At Arkham Asylum, many inmates are freed into the public areas of the facility when the quake hits. The Joker, Killer Croc, the Scarecrow, the Riddler, and others take three guards hostage and kill two of them. They decide to tell stories to the third man, a new guard going to school to become a psychiatrist. They scare him into dementia before Arkham's generator kicks in and they are rounded up.

An odd band of small-time crooks hired by WayneCorp save a group of people trapped in a building. A young boy is convinced that Batman sent them. Penguin, walking through the rubble, decides which people to help based on how they can repay the favor. Robin arrives and helps out in the excavation while thinking of his own family and friends.

Nightwing and Robin meet at the clock tower to see if the Oracle is okay — it is the first time Barbara and Tim meet face-to-face. No one had seen Batman because he was saving victims from rubble in the guise of a police officer. Nightwing and Robin then check out the destruction at Wayne Manor and the cave. Tim rushes off to check on his father, while Dick locates Alfred and Harold.

Batman searches for Dr. Rellazzo, who was abducted earlier. GCPD reviews a videotape delivered to them claiming responsibility for the earthquake: the "Quakemaster" wants $100 million.
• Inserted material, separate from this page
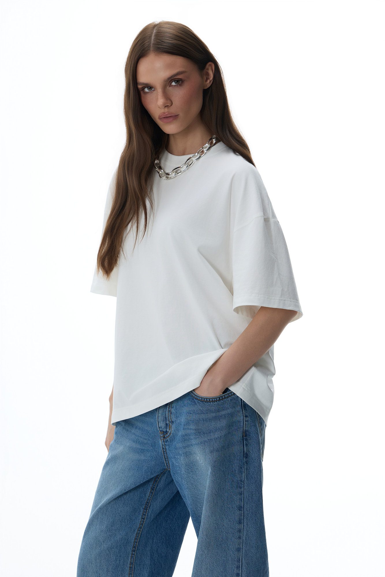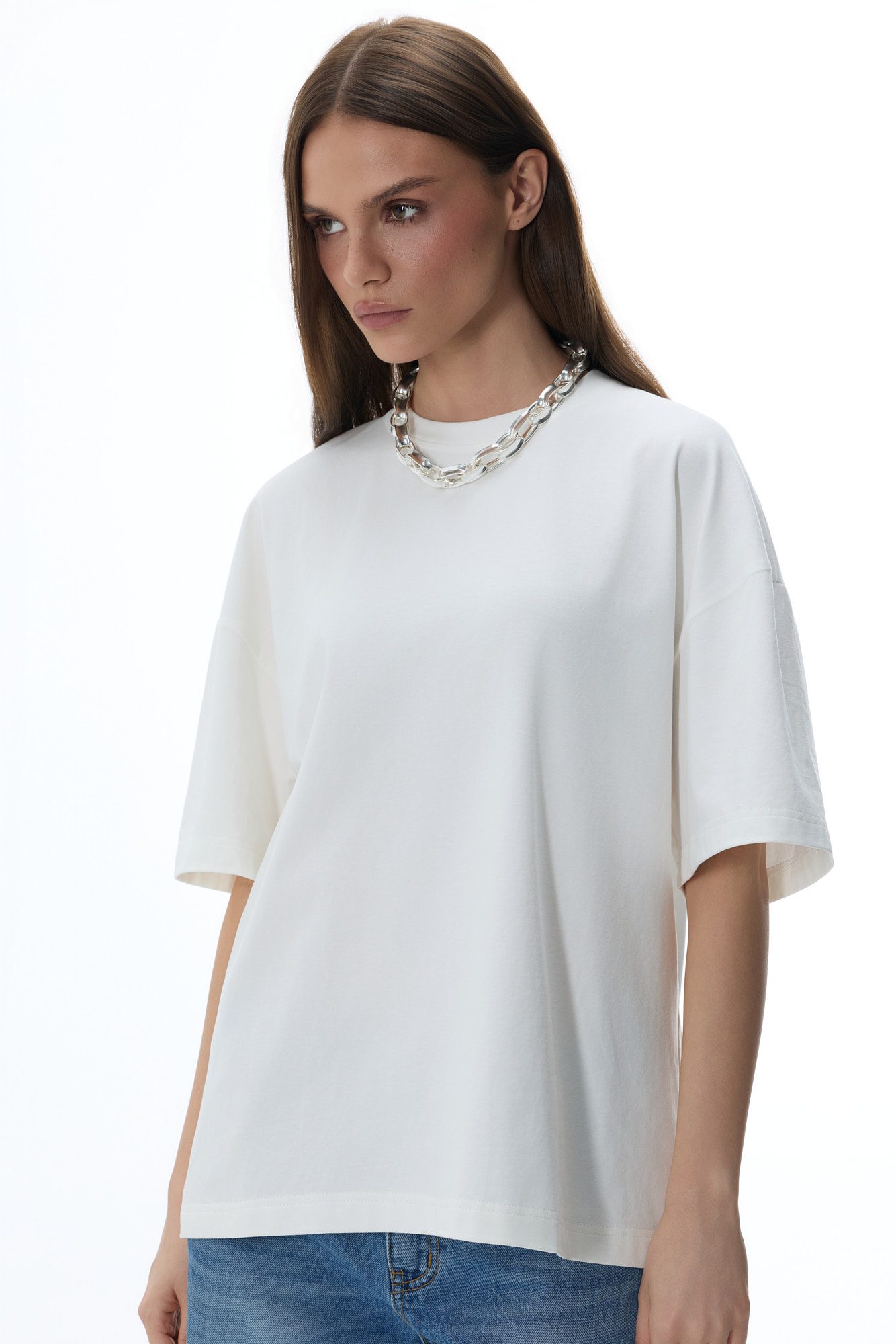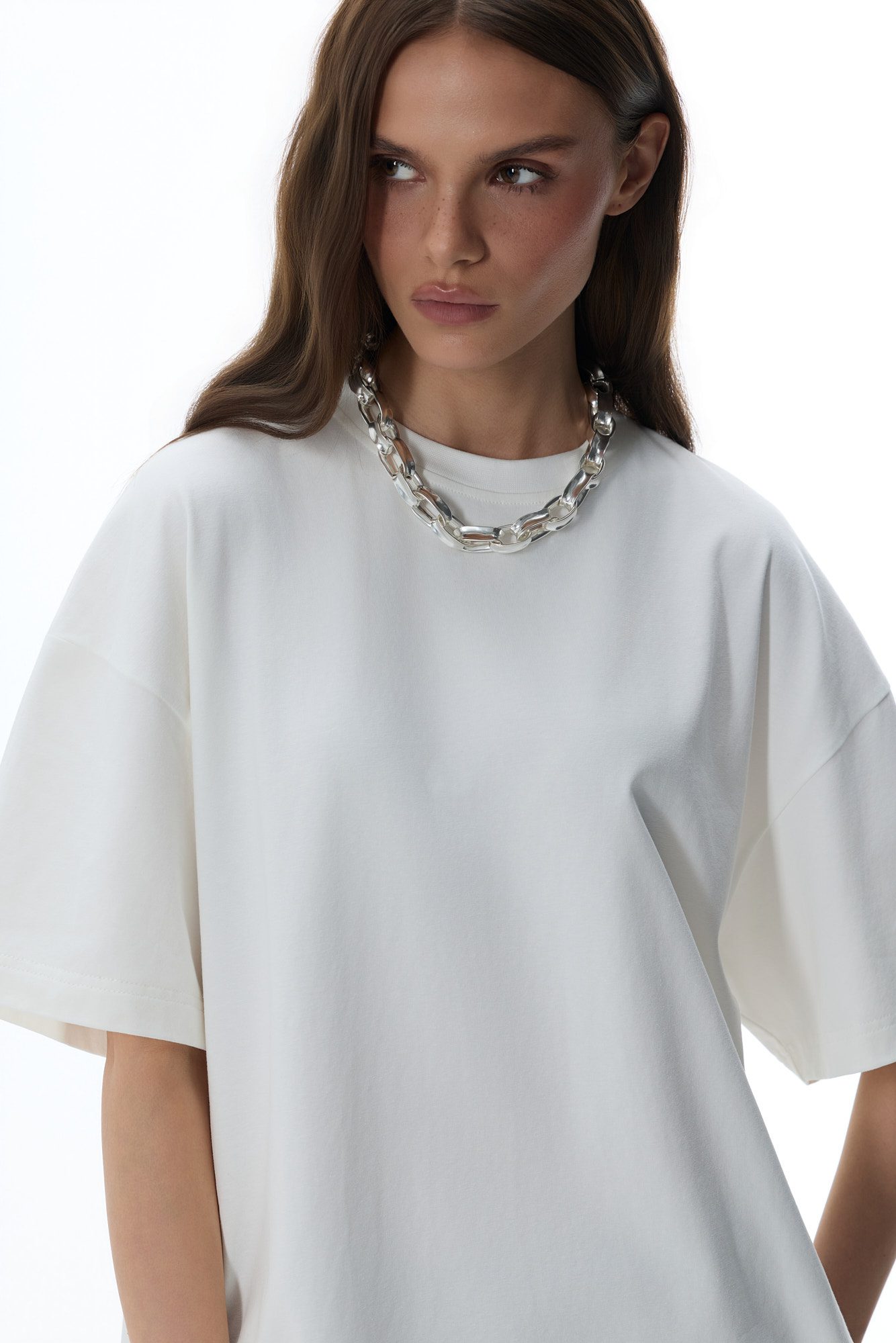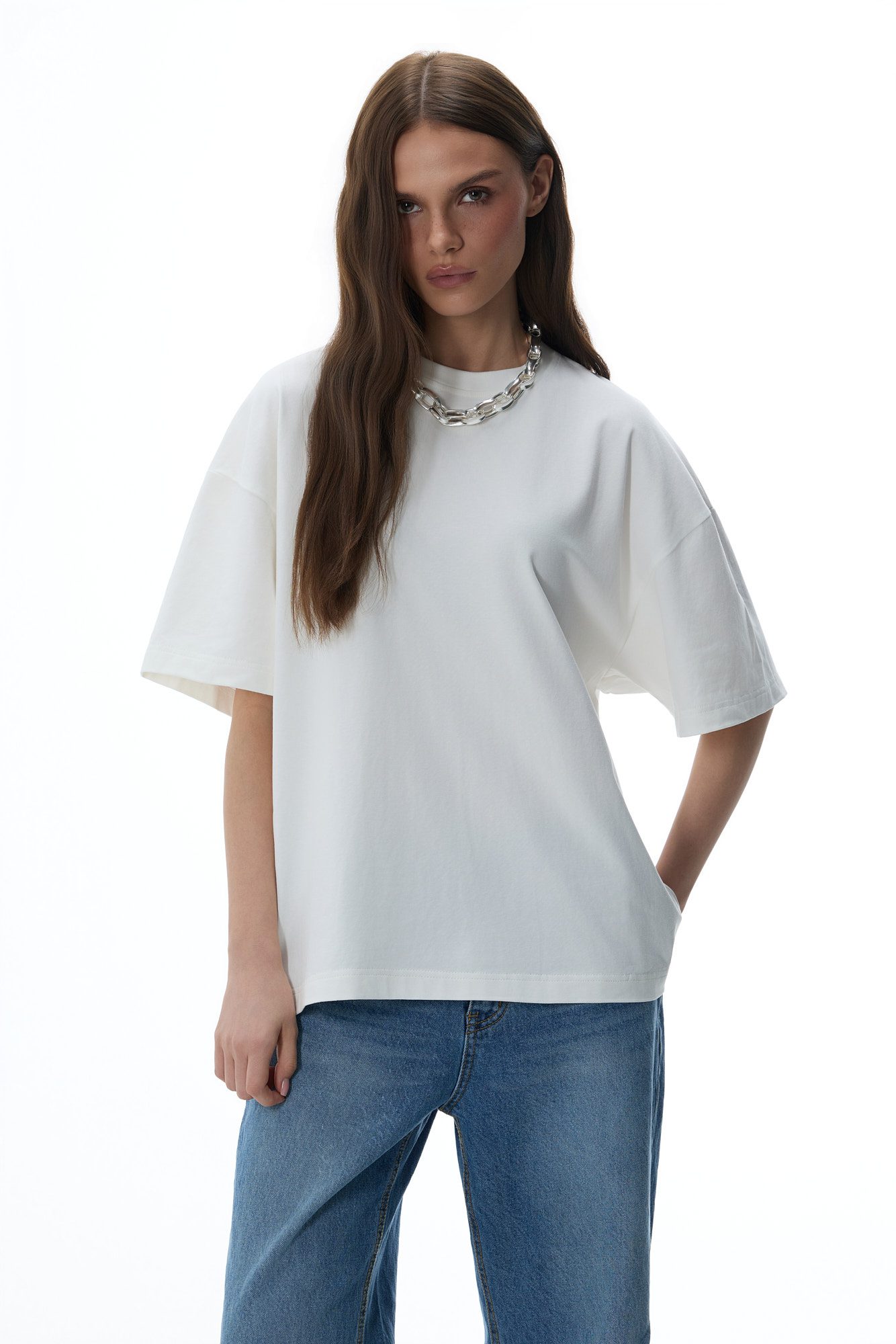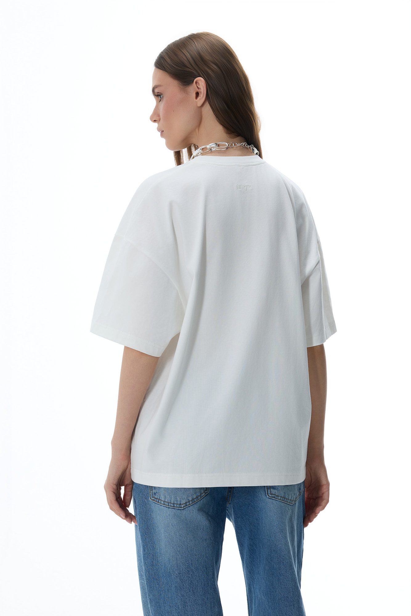 Klasyczny, oversize’owy T-shirt w klasycznym off-white, wykonany z wysokiej jakości, miękkiej bawełny. Przyjemny materiał dopasowuje się do sylwetki, zapewniając maksymalny komfort noszenia. Model z subtelnym logo na karku z tyłu, idealny do codziennych, luźnych stylizacji.

Barbara Gordon readies a fake ransom payment and Batman stows away on the pick-up helicopter with it. He gathers the henchmen who picked up the ransom, but their boss gets away. Later, he meets with Robin and Nightwing to discuss the situation.

Stephanie Brown, caught in a mall during the earthquake, quickly changes into her Spoiler costume. She slips after rescuing a small child, but the Huntress swoops down and catches her. The Cluemaster, the Ratcatcher, the Firefly, and others make their way to Gotham City after crossing the land bridge from Blackgate. They arrive at the mall and begin looting. The Huntress and the Spoiler battle them, capturing all but the Cluemaster (the Spoiler's father).

Robin continues to investigate the Quakemaster's tape while Nightwing and Batman head out. The Quakemaster's people kidnap Detective "Hardback" Bock and hold Commissioner Gordon and Mayor Marion Grange hostage in the Mayor's office. Believing he has a lead on the Quakemaster, Robin heads out and meets up with Bullock and Renee Montoya. Robin rescues Bock, and together they take down the Quakemaster, who was Arnold Wesker's newest puppet. Nightwing saves Gordon and Grange, while Batman continues helping survivors.

==Collected edition==
All of the stories (except Robin (vol. 2) #52, Azrael #40, Catwoman (vol. 2) #57, and Batman: Arkham Asylum - Tales of Madness #1) were collected into a trade paperback. A new edition was released in June 2015 which included the issues that were not part of the original release.